_ACTION ITEM:_ Only the lines below between the one holding "316期: 香火因缘 🥼一头三码🥼【3头主:31.32.34】开:马24错" and the one holding "faible éblouissement selon", inclusive, are to be reproduced word for word; the pictures are to be left out.

_DATA:_
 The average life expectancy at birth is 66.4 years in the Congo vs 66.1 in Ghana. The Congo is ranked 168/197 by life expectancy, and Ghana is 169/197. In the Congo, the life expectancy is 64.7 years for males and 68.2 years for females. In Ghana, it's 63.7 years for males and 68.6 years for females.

* * *

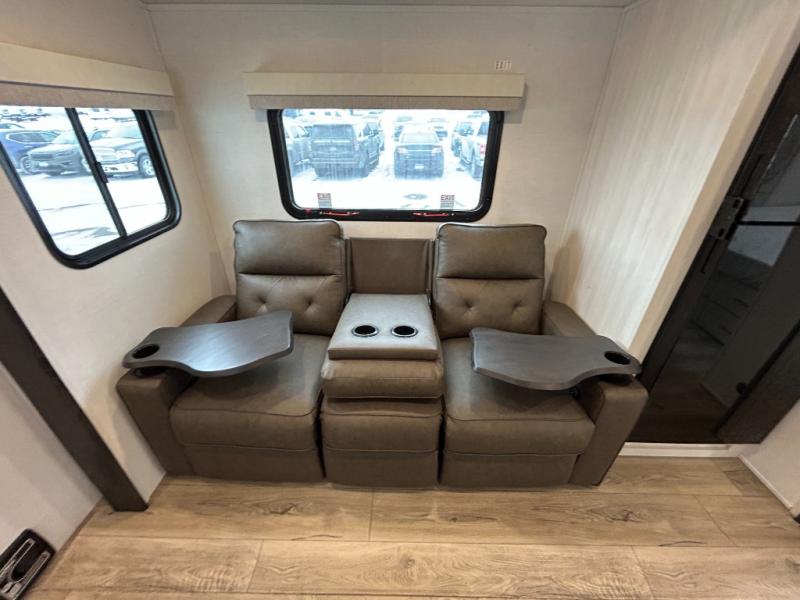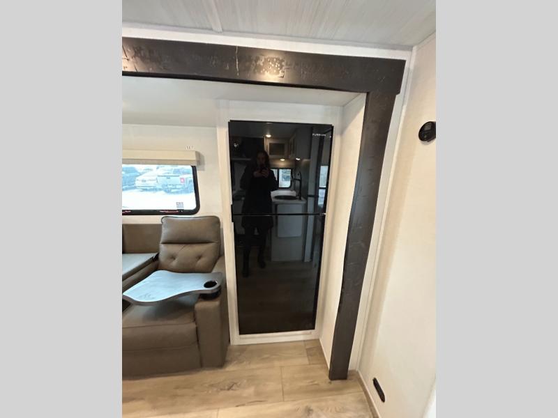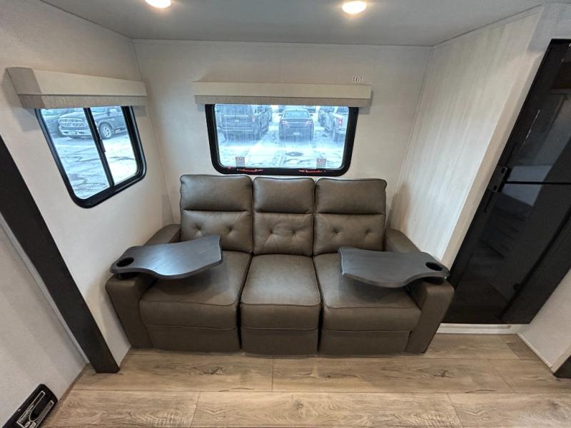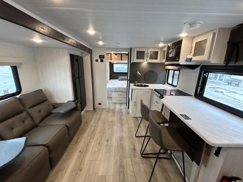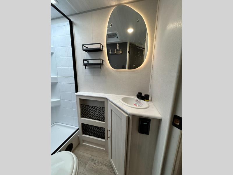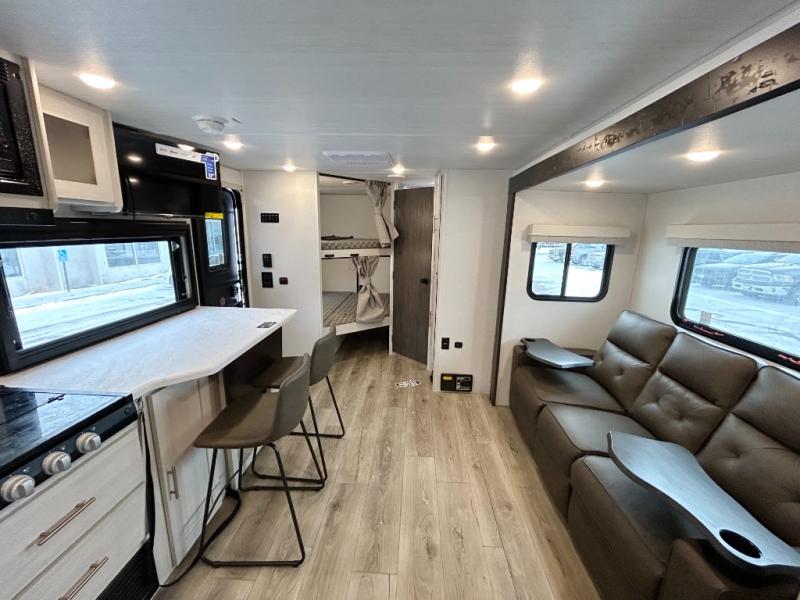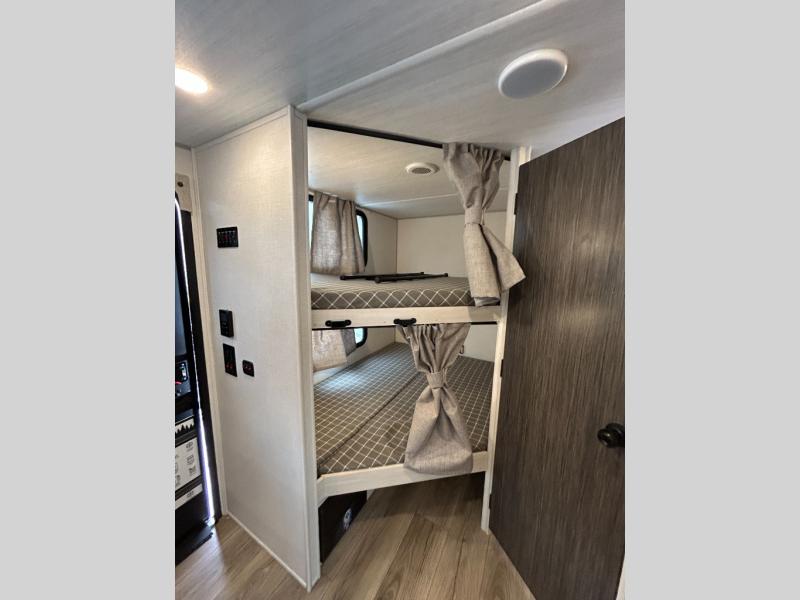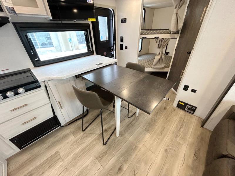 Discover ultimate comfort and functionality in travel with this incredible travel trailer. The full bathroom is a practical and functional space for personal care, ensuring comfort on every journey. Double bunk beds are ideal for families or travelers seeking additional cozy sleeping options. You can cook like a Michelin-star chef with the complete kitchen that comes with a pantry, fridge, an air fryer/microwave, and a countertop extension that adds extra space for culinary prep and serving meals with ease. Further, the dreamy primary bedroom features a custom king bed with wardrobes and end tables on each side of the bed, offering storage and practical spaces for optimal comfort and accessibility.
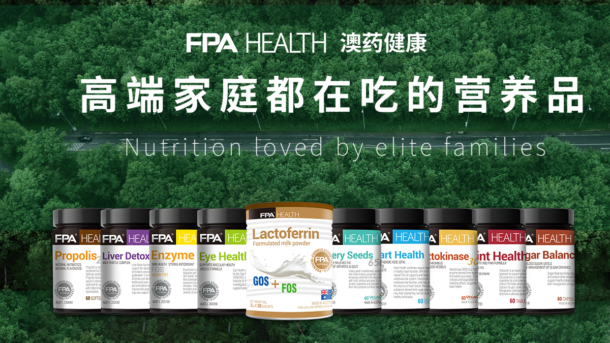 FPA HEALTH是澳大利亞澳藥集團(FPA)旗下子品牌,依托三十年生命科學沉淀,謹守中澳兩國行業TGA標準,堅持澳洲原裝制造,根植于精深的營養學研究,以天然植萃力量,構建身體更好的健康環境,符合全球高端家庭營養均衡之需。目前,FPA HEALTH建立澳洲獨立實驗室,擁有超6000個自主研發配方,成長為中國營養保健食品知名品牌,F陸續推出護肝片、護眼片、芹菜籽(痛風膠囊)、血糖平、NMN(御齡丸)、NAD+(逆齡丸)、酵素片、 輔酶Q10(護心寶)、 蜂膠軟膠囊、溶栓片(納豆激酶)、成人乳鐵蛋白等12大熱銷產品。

==

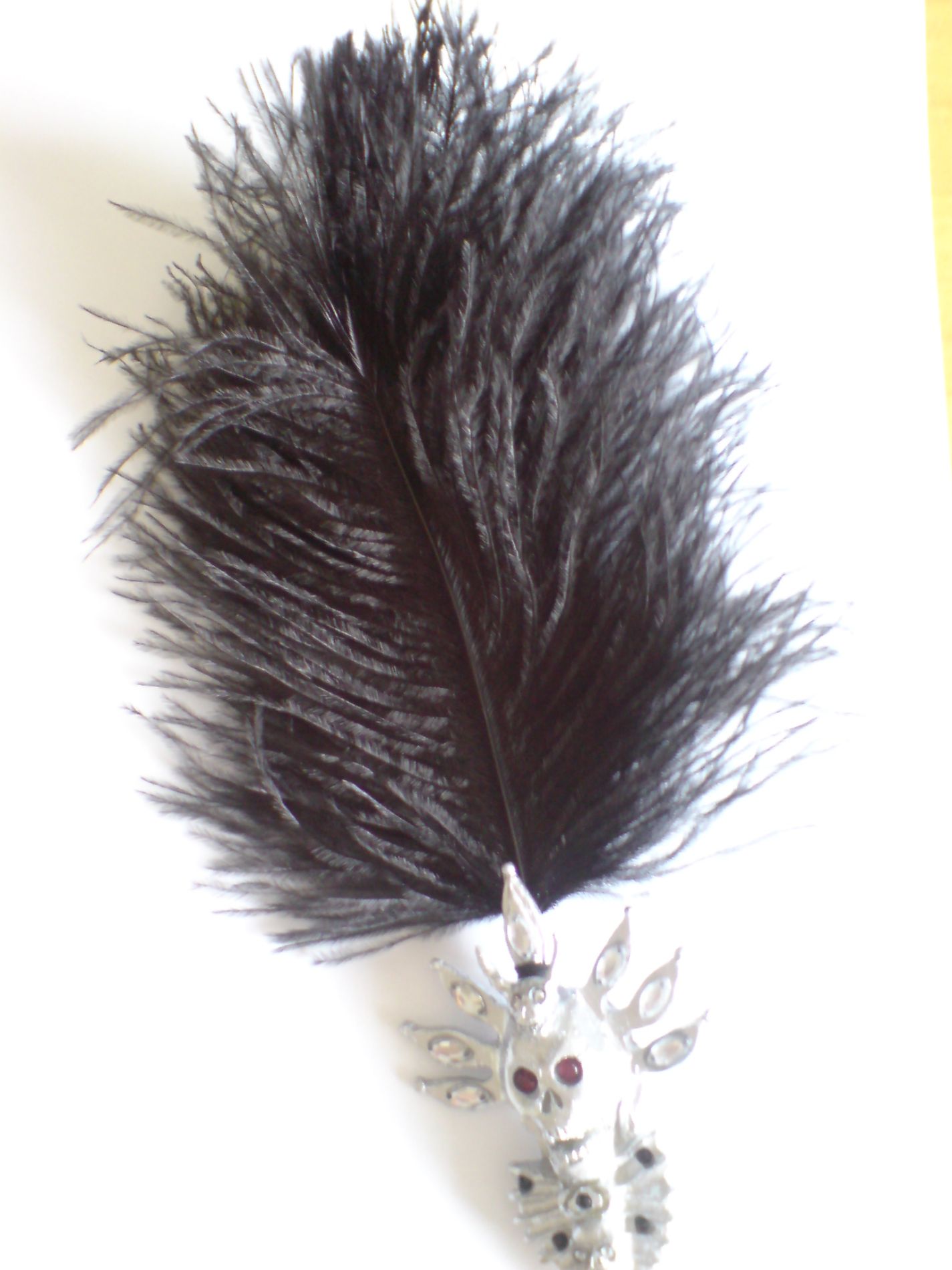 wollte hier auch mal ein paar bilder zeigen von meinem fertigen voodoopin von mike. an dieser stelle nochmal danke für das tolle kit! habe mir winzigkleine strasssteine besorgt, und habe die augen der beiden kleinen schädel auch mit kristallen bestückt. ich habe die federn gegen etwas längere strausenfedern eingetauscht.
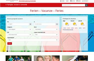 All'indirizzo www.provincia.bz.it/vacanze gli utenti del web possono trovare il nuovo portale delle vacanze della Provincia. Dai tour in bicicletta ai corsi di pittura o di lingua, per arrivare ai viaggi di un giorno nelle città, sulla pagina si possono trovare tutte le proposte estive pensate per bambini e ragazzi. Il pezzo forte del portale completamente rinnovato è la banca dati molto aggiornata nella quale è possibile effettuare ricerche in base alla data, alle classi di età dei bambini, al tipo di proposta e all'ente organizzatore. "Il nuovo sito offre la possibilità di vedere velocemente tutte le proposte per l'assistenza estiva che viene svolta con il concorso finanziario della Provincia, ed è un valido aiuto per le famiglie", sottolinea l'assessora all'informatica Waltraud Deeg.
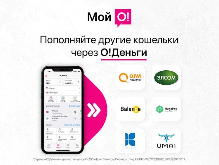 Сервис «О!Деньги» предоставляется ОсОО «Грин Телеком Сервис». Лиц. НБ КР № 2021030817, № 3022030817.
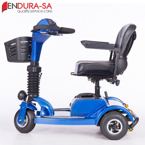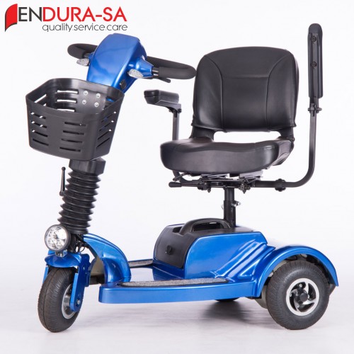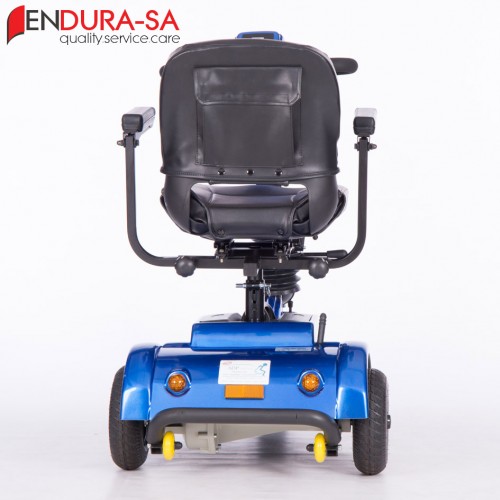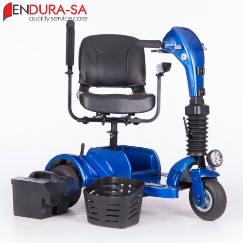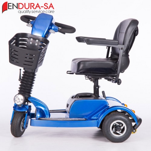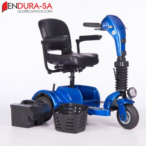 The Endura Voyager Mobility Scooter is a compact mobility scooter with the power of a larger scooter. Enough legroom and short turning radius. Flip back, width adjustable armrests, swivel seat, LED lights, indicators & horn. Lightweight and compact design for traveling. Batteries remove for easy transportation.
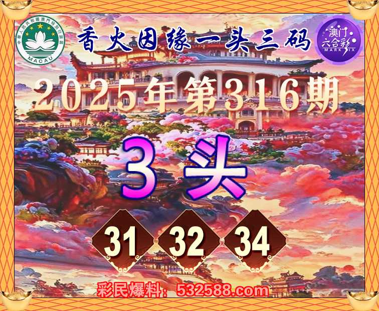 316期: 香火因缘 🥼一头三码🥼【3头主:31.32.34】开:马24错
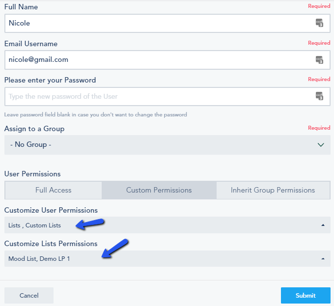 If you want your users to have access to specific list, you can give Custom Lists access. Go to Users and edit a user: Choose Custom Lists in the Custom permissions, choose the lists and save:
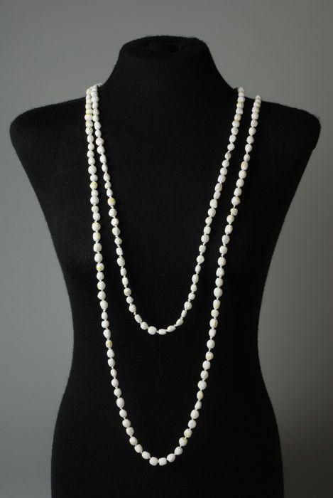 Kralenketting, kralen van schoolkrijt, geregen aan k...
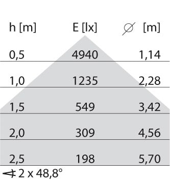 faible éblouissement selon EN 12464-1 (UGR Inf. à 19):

_RESPONSE:_
 316期: 香火因缘 🥼一头三码🥼【3头主:31.32.34】开:马24错
 If you want your users to have access to specific list, you can give Custom Lists access. Go to Users and edit a user: Choose Custom Lists in the Custom permissions, choose the lists and save:
 Kralenketting, kralen van schoolkrijt, geregen aan k...
 faible éblouissement selon EN 12464-1 (UGR Inf. à 19):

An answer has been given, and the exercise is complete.